Exercise directions: An exact copy of all the data is required, with pictures left out.

Data:
■ ■ ■ ■
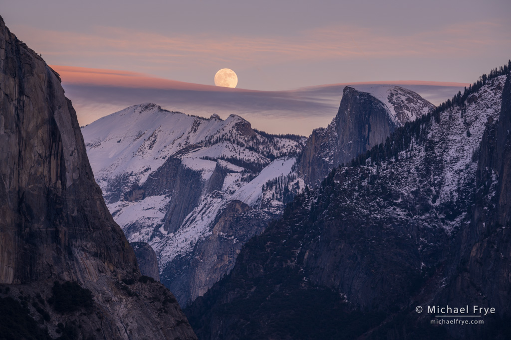 Moon rising above Half Dome and Cloud’s Rest, Yosemite. We planned to photograph this moonrise, but the band of lenticular clouds added a nice touch. 180mm, 1/20th sec. at f/11, ISO 100.
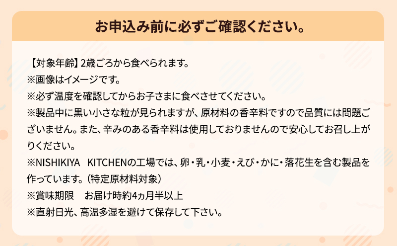 ※NISHIKIYA KITCHENの工場では、卵・乳・小麦・えび・かに・落花生を含む製品を作っています。(特定原材料対象) |
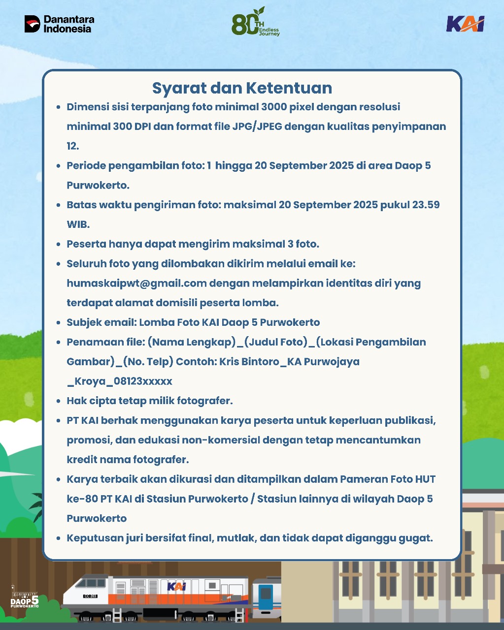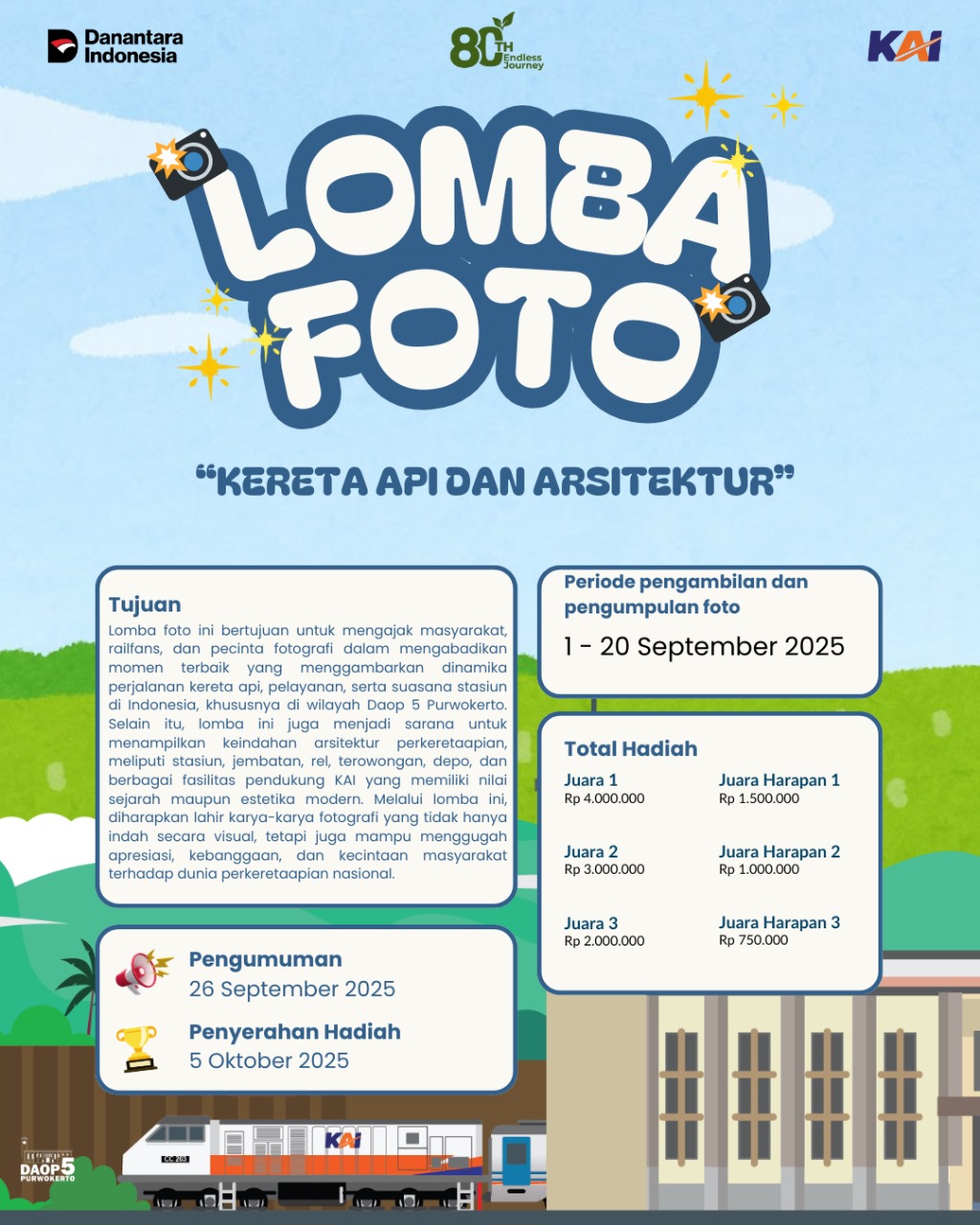 Dalam rangka memperingati HUT Kereta Api Indonesia ke-80, PT Kereta Api Indonesia (Persero) Daerah Operasi 5 Purwokerto menyelenggarakan Lomba Foto dengan tema “Kereta Api dan Arsitektur”. Kegiatan ini berlangsung mulai 1 hingga 20 September 2025 dan terbuka bagi masyarakat yang berdomisili di wilayah Daop 5 Purwokerto.
■ ■ ■ ■
Written response:
 Moon rising above Half Dome and Cloud’s Rest, Yosemite. We planned to photograph this moonrise, but the band of lenticular clouds added a nice touch. 180mm, 1/20th sec. at f/11, ISO 100.
 ※NISHIKIYA KITCHENの工場では、卵・乳・小麦・えび・かに・落花生を含む製品を作っています。(特定原材料対象) |
 Dalam rangka memperingati HUT Kereta Api Indonesia ke-80, PT Kereta Api Indonesia (Persero) Daerah Operasi 5 Purwokerto menyelenggarakan Lomba Foto dengan tema “Kereta Api dan Arsitektur”. Kegiatan ini berlangsung mulai 1 hingga 20 September 2025 dan terbuka bagi masyarakat yang berdomisili di wilayah Daop 5 Purwokerto.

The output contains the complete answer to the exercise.